Делакруа описывает свой разговор с только что вернувшимся из Греции путешественником и сообщает, что однажды этого человека «столь впечатлила голова турка, появившегося на крепостной стене, что он упросил солдата не стрелять в него». В другом месте Делакруа восторгается картиной Гро и добавляет, что «можно увидеть вспышку сабли, когда она вонзается в глотку врага». Таково было восприятие войны романтиками: ее можно выключить или включить, как фильм. Этот взгляд был искренним, но это был опасно привилегированный взгляд. А между привилегией и реальностью лежит область противоречий.
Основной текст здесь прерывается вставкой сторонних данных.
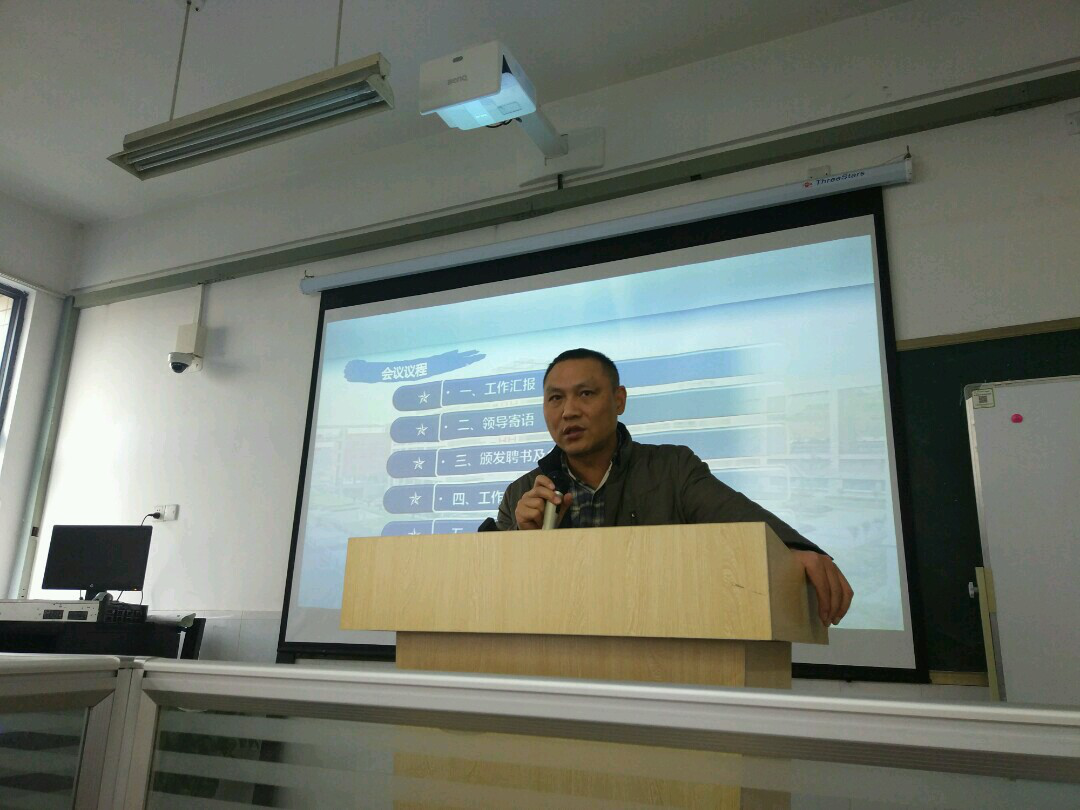 此次会议由朱堂勋老师主持,设有六项议题:工作汇报、领导寄语、颁发聘书及合影、工作室导师分工、成员代表讲话及管理人员选举、工作室工作计划。
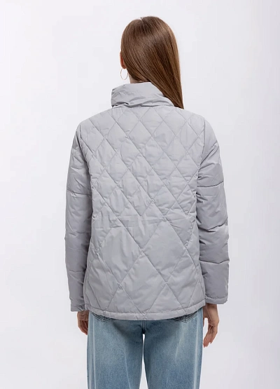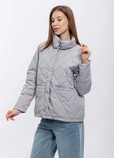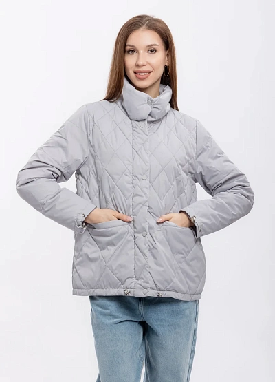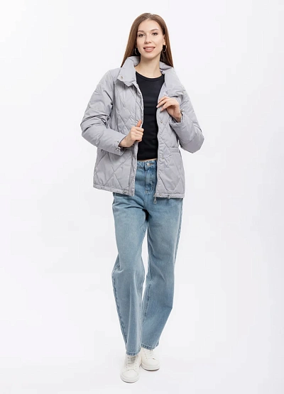 Женская куртка прямого кроя светло-серого цвета с объемным воротником. Модель выполнена в спокойной цветовой гамме с выразительной стежкой по всей поверхности, длина до бедра, застегивается на кнопки.

«Надежда»[42] сидит на земном шаре, словно беспризорница. Эта картина была популярна так же, как «Любовь перед запертой дверью» (1890) Анны Ли Меритт и «Мыльные пузыри» (1886) Джона Эверетта Милле. Быстротечность детства, несбыточность любви, призрачность надежды – эти темы поддерживали в викторианцах ощущение уверенности и комфорта. Характер вины викторианского общества мог быть очень сложным, но возникающая в результате этой вины двойственность убеждений совершенно очевидна в живописи – даже больше, чем в литературе. А Уоттс – само олицетворение викторианской живописи.
Почти во всем, что он делал, чувствуется пугающая пропасть между его идеалами и сюжетами, выбранными для их воплощения. Ничто не является тем, что есть. Желание – отец викторианской мысли. Теннисон, отчасти напоминавший самого Уоттса, был изображен им похожим на слепца: его глаза утратили способность видеть, чтобы сохранить внутреннее зрение. Эллен Терри (ставшая женой Уоттса в шестнадцать лет) – это цветок, лишенный аромата[43].